*Directions for this task:*
Reproduce exactly, and solely, the lines running from the top of the data below through the line with "-- FREITAG 6.", both inclusive. Omit pictures.

*Collected material:*
=== Begin Enclosure ===

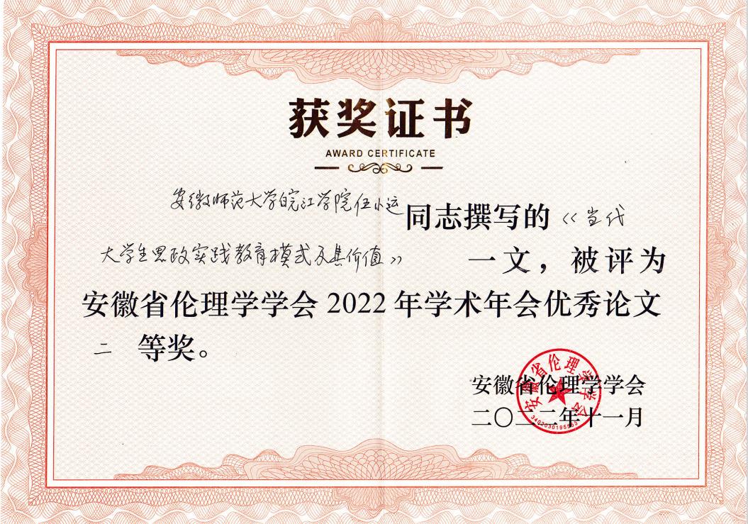 > 【喜讯】热烈祝贺伍小运老师论文获得安徽伦理学学会2022年学术年会优秀论文二等奖
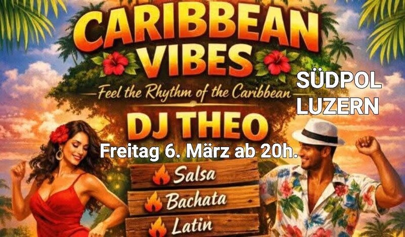 -- FREITAG 6. MÄRZ 2026 -- ★ CARIBBEAN VIBES ★ Feel the Rhythm of the Caribbean ★ Salsa & Bachata Tanzen im Südpol Luzern ------------------------------------------------ Tauche ein in eine Nacht voller heißer Beats, exotischer Rhythmen und karibischer Lebensfreude! Lass dich treiben von pulsierenden Sounds und purem Urlaubsfeeling mit der Legendär DJ Theo. ------------------------------------------------ Eintritt: AK: CHF 10 Beginn: 20:00 Uhr Einlass ab 18 Jahren. Ende ca. 02 Uhr. Das Zentrum für Kultur in der Zentralschweiz. Mehrspartenhaus mit Tanz, Theater, Musik und Club. ★ SÜDPOL Arsenalstrasse 28, 6010 Kriens, www.sudpol.ch ------------------------------------------------------- "ANREISE WICHTIGE INFORMATIONEN" ----------------------------------------------- Die Anfahrt mit Fahrrad oder ÖV wird empfohlen. Eine Wegbeschreibung findest Du via Google Maps. VELO: Vor und hinter dem Gebäude befinden sich ca. 200 Fahrradparkplätze. Vom Stadtzentrum Luzern ist der Südpol in etwa zehn Minuten via Freigleis zu erreichen. ÖV: Der Bus Nr. 14 fährt ab Bahnhof Luzern Richtung Horw Zentrum und hält direkt vor dem Haus. Die Haltestelle heisst Südpol. AUTO: Es steht nur eine beschränkte Anzahl Autoparkplätze für den Südpol zur Verfügung. Diese befinden sich unter dem neuen LSO-Gebäude und zwischen Metzger Center Zentralschweiz und dem neuen Backsteingebäude der Hochschule Musik Luzern. Die Parkplätze auf dem Vorplatz des Metzger Center Zentralschweiz stehen den Südpol-Besucher*innen nicht zur Verfügung. Als Ausweichmöglichkeit empfehlen wir das "Parkhaus Nidfeld". Facebook: https://fb.me/e/3oJiHk9QM
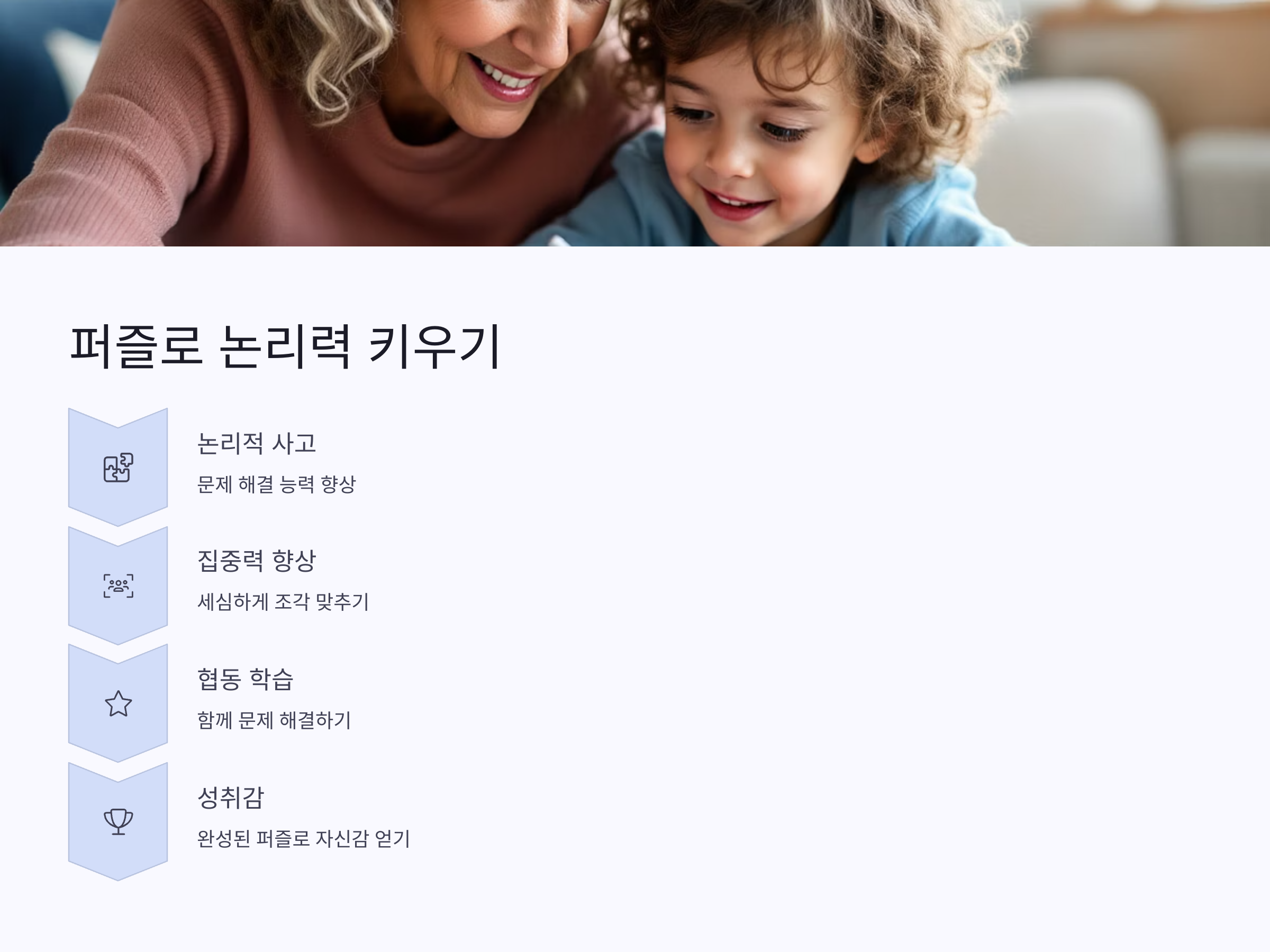 퍼즐은 또한 손주가 세심하게 조각을 맞추며 집중력을 향상시키고, 협동적인 문제 해결을 할 수 있게 돕습니다. 완성된 퍼즐을 보며 성취감을 느끼는 손주의 모습을 보면, 부모와 조부모 모두 만족감을 느낄 수 있습니다.

=== End Enclosure ===

*Solution below:*
 > 【喜讯】热烈祝贺伍小运老师论文获得安徽伦理学学会2022年学术年会优秀论文二等奖
 -- FREITAG 6. MÄRZ 2026 -- ★ CARIBBEAN VIBES ★ Feel the Rhythm of the Caribbean ★ Salsa & Bachata Tanzen im Südpol Luzern ------------------------------------------------ Tauche ein in eine Nacht voller heißer Beats, exotischer Rhythmen und karibischer Lebensfreude! Lass dich treiben von pulsierenden Sounds und purem Urlaubsfeeling mit der Legendär DJ Theo. ------------------------------------------------ Eintritt: AK: CHF 10 Beginn: 20:00 Uhr Einlass ab 18 Jahren. Ende ca. 02 Uhr. Das Zentrum für Kultur in der Zentralschweiz. Mehrspartenhaus mit Tanz, Theater, Musik und Club. ★ SÜDPOL Arsenalstrasse 28, 6010 Kriens, www.sudpol.ch ------------------------------------------------------- "ANREISE WICHTIGE INFORMATIONEN" ----------------------------------------------- Die Anfahrt mit Fahrrad oder ÖV wird empfohlen. Eine Wegbeschreibung findest Du via Google Maps. VELO: Vor und hinter dem Gebäude befinden sich ca. 200 Fahrradparkplätze. Vom Stadtzentrum Luzern ist der Südpol in etwa zehn Minuten via Freigleis zu erreichen. ÖV: Der Bus Nr. 14 fährt ab Bahnhof Luzern Richtung Horw Zentrum und hält direkt vor dem Haus. Die Haltestelle heisst Südpol. AUTO: Es steht nur eine beschränkte Anzahl Autoparkplätze für den Südpol zur Verfügung. Diese befinden sich unter dem neuen LSO-Gebäude und zwischen Metzger Center Zentralschweiz und dem neuen Backsteingebäude der Hochschule Musik Luzern. Die Parkplätze auf dem Vorplatz des Metzger Center Zentralschweiz stehen den Südpol-Besucher*innen nicht zur Verfügung. Als Ausweichmöglichkeit empfehlen wir das "Parkhaus Nidfeld". Facebook: https://fb.me/e/3oJiHk9QM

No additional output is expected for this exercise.